# AddCharset und AddType ergeben Serverfehler



## suntrop (11. Januar 2008)

Hallo,

ich bekomme auf meinem (Managed) Server immer einen "Internal Server Error", wenn ich AddCharset mit AddType in einer .htaccess-Datei zusammen nutze.

Beides für sich funktioniert, wenn ich jeweils eines auskommentiere.
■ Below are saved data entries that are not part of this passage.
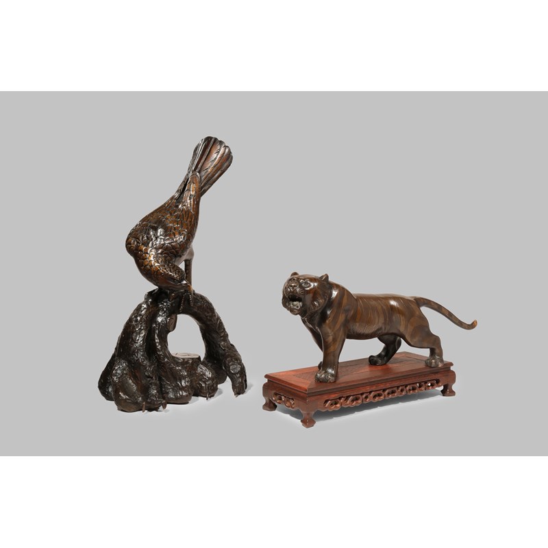 One cast as a tiger standing four-square with its mouth open in a snarl, with a rectangular wood stand and signed Ikko to the belly, the other depicting a bird of prey perched on a tree stump, the feathers on its back opening to form a lid, unsigned, 34.5cm max. (3)
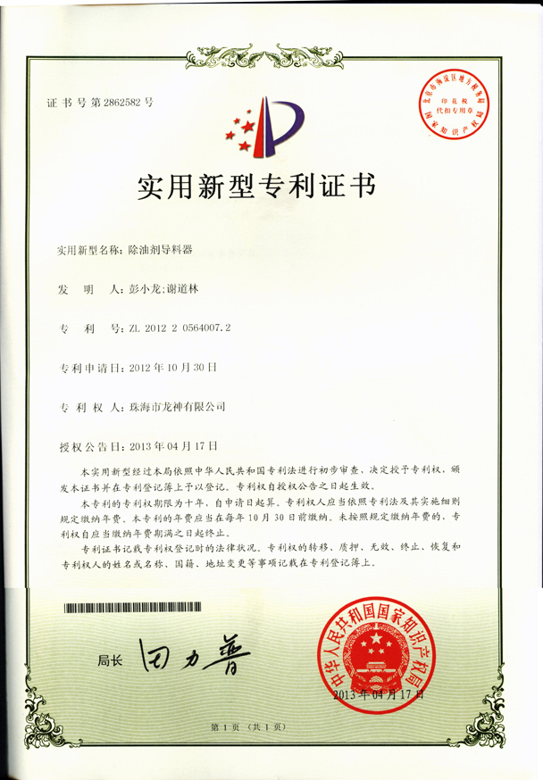 ![]() 壓縮空氣空壓機(jī)房供應(yīng)系統(tǒng)專利證書 | 除油劑導(dǎo)料器專利證書 |
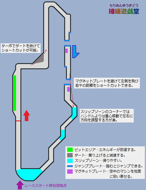 ・前半の難所は3個目のコーナーで、かなり急なのでファイアスティングレイ以外は速度を維持しにくい難所。あらかじめ若干マシンを右に向けて左側にスライドしておくと、旋回角度を小さくできて減速を抑えられる。このカーブの直後にはジャンププレートがあるため、ターボを使ってもジャンプで減速する分ムダになりやすい。できればこの地点ではターボを使わず減速も抑えて走りたいところ。
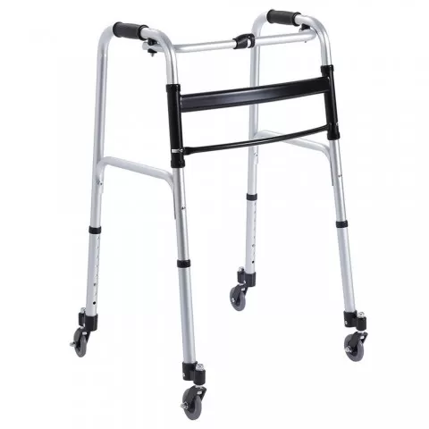 Cadru de mers pliabil cu 4 roți mobile - RP733 - Cadru de mers pliabil realizat din tub de aluminiu anodizat, ajustabil in înălțime, cu 4 roți frontale mobile din cauciuc, pliere ușoară prin apasarea unui mecanism, forma trapez.
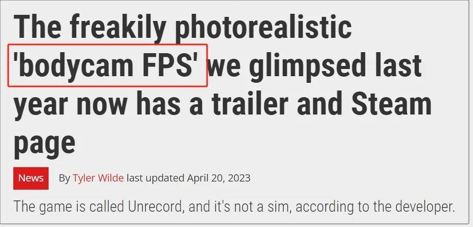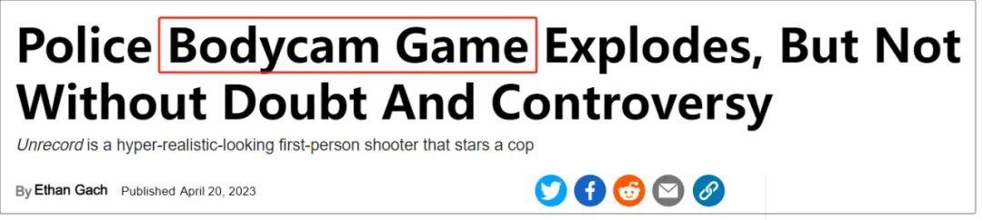 更鸡贼的一个疑点是:当时《Unrecord》在海外引发了全社会向的各种热议,包括其模仿美国警察执法录像的画面风格,会不会让游戏引发更多暴力。而在这些出圈的讨论中,许多主流媒体都没有用《Unrecord》在标题里称呼这款游戏,而是直接将其称为“Bodycam FPS(穿戴式摄像机第一人称射击游戏)”。
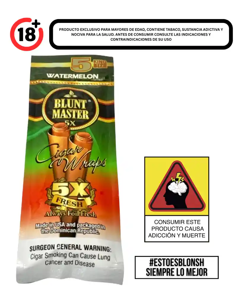 Es un envoltorio de papel laminado que contiene 5 papeles de tabaco, enrollados en forma de espiral, similar a los papeles de fumar, pero estos son más resistentes, con una combustión más lenta, uniforme y aromática, permitiendo una fusión perfecta entre tu tabaco favorito, combinado con el delicioso sabor exótico de tu elección, logrando hacer tu experiencia inigualable. por esto y mas los BLUNT MASTER uno de los papeles de blunt mas finos y deliciosos del mercado. Este producto puede ser utilizado para productos que contienen nicotina o tabaco. El tabaco y la nicotina son nocivos para la salud. Ley 30 de 1986. Verificar condiciones de uso, indicaciones y contraindicaciones en la etiqueta. Prohibida la venta a menores de edad
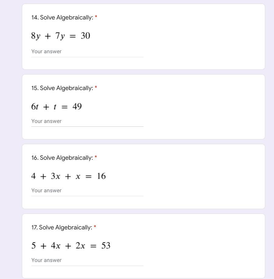 15. 7t = 49 --> 49/7 = 7
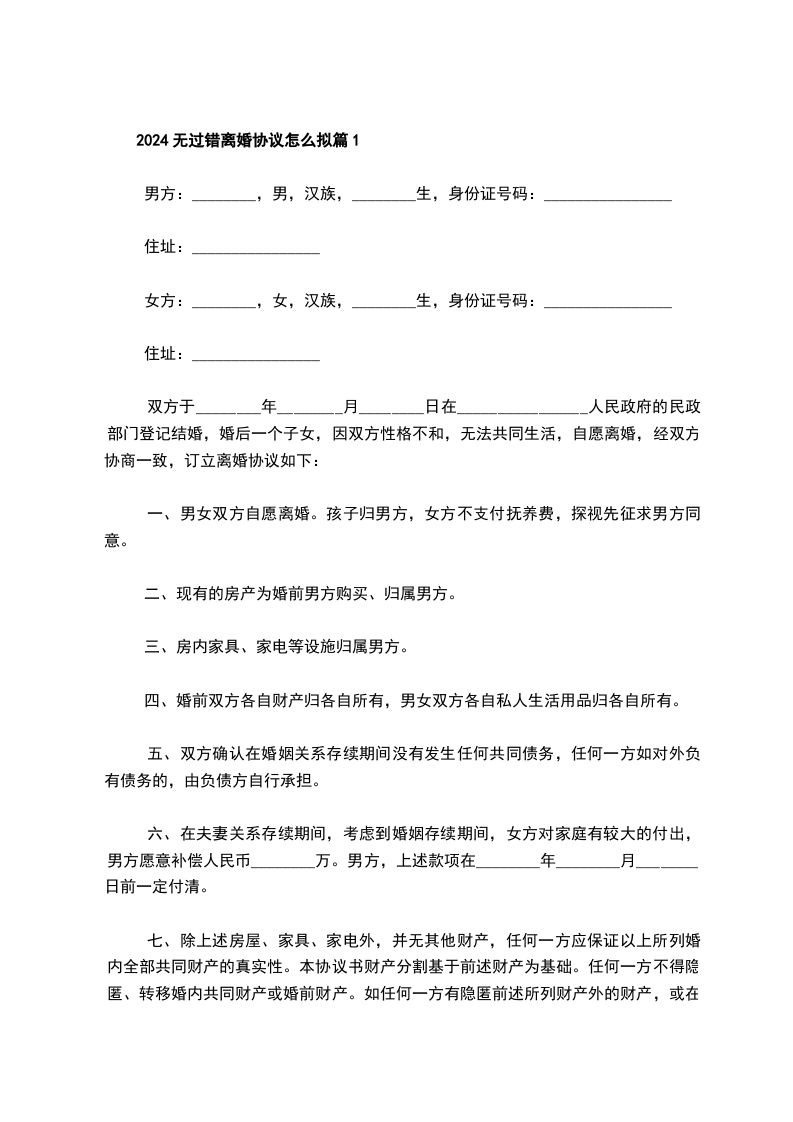 乙方:(男方):_______________,男,汉族,生于_____年__月__日,住________________________________

Woran kann das liegen? Habe meinen Provider auch schon angeschrieben, aber der meinte nur, dass AddCharset nicht funktioniert. Hätte wohl besser sagen sollen nicht korrekt funktioniert 
Denn im HTTP-Header sehe ich die utf-8 Angabe, wenn ich AddCharset nutze. Und wenn nicht, dann ist auch keine Angabe zum Charset im Header.

Gibt es das Problem häufiger, bzw. steck da vielleicht ein logischer Fehler hinter? Habe ich vielleicht ein Fehler in meiner .htaccess?

So sieht sie aus:
(Auszug)
AddDefaultCharset utf-8
AddCharset utf-8 .css .html .php
AddType application/x-httpd-php .php .php4 .php3 .html .htm

Wenn ich bei AddType .html .htm entfernen, dann wird die Seite wieder korrekt geladen! Selbes gilt für AddCharset. Also liegt es nicht direkt an der Funktion, sondern an den Dateiendungen.


Grüße
suntrop


----------



## Helmut Klein (11. Januar 2008)

Was erhälst du denn für einen Eintrag im error.log zu diesem Fehler? Dort steht i.d.R. genaueres dazu.


----------



## suntrop (11. Januar 2008)

Hallo und Danke für die Antwort.

Ich habe leider keinen Zugriff auf die error.log, jedenfalls nicht das ich wüsste. Ich bin der Datei auch noch nicht über den Weg gelaufen.

Oder muss ich die Aufzeichnung und den Pfad selber einstellen? Vielleicht auch in der .htaccess?


Grüße
suntrop


----------



## Helmut Klein (13. Januar 2008)

Hm nein, der Speicherort der error.log wird i.d.R. in der httpd.conf angegeben über den Eintrag "ErrorLog". 
Falls du auf diese Zugriff hast kannst du den Speicherort in Erfahrung bringen und mal nachsehen.


----------



## suntrop (14. Januar 2008)

Schade, auf die httpd.conf habe ich leider keinen Zugriff.

Nur nochmal zur Nachfrage: Normale ist das doch nicht, dass der Fehler auftritt?
Egal bei welcher Einstellung. Ok, ein Fehler sollte niemals normal sein, aber wenn man das eine oder andere so und so konfiguriert, dann könnte das in einer normalen (korrekten) Fehlermeldung enden.

Muss den Hoster nochmal anhauen 

Dennoch Danke für die Antworten!

Grüße
suntrop


----------



## Helmut Klein (16. Januar 2008)

Ob es normal ist, kann ich nicht sagen. Ich gehe bei solchen Problemen nur immer wie oben genannt vor - da dachte ich auch schon öfter, dass das nicht normal sein kann und die error.log hat mir dann Aufschluss gegeben was ich falsch gemacht habe.


----------